Aussi cette faune dont l’intelligence a été gelée par la guerre froide ne voit-elle pas que derrière le train de l’OTAN peut cacher un autre train, celui de l’Europe dont l’unité va finir par voler en éclats. Leur raisonnement vise à masquer la responsabilité des Etats-Unis et d’accuser la Russie de jeter des pays comme la Finlande et la Suède dans les bras de l’OTAN après l’intervention de la Russie en Ukraine. Leur technique est toujours la même, mettre entre parenthèses les origines et les causes d’un phénomène, en un mot effacer l’histoire pour ne pas parler que d’un présent dont ils seraient les avocats d’une certaine histoire. Ils ont une façon bien à eux de faire l’histoire écrite par eux pour légitimer leurs actes d’agression. Ainsi, ils ont réussi à faire oublier que l’OTAN est un pacte créé contre les pays socialistes qui n’étaient pourtant liés par aucun pacte de défense. Ces pays socialistes ont créé le Pacte de Varsovie en 1955 pour répondre à l’OTAN, déjà vieux de six ans, dont le périmètre d’action concernait l’Europe, les Etats-Unis et le Canada. Cinquante ans plus tard, on retrouve l’OTAN guerroyant en Afghanistan et se préparant de nos jours à intervenir en Indopacifique pour les intérêts des Etats-Unis…

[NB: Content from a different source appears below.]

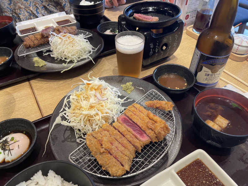 ランチは鎌倉駅西口の牛勝でサーロインカツ膳と上ロース勝膳をシェアしていただきました

Mais revenons à la guerre en Ukraine qui a mis en marche une dynamique qui risque d’ébranler bien des certitudes. Cette dynamique a d’ores et déjà accouché d’une guerre qui va être nécessairement longue. Ce concept de guerre longue est un chapitre de l’art de la guerre où le Temps est à la fois un facteur tactique et la matrice stratégique de tout plan de guerre digne de ce nom. Avant de développer l’ensemble des ressources qui concourent à soutenir une guerre, voyons les faits et informations qui annoncent l’installation d’une guerre longue en Ukraine. Celle-ci, à peine commencée, le président Macron a pronostiqué qu’elle allait être longue et terrible. Quelques jours plus tard, le ministre américain de la Défense annonça le but de guerre de son pays : affaiblir la Russie et lui faire passer l’envie d’attaquer d’autres pays. C’est maladroit et osé mais ça l’avantage d’être clair. Le Français et l’Américain ont évidemment en main des renseignements fournis par leurs services secrets pour tenir de tels propos. Le 13 mai 2022, l’Américain Lloyd Austin, patron du Pentagone, téléphone à son collègue russe et lui demande de décréter un cessez-le feu immédiat.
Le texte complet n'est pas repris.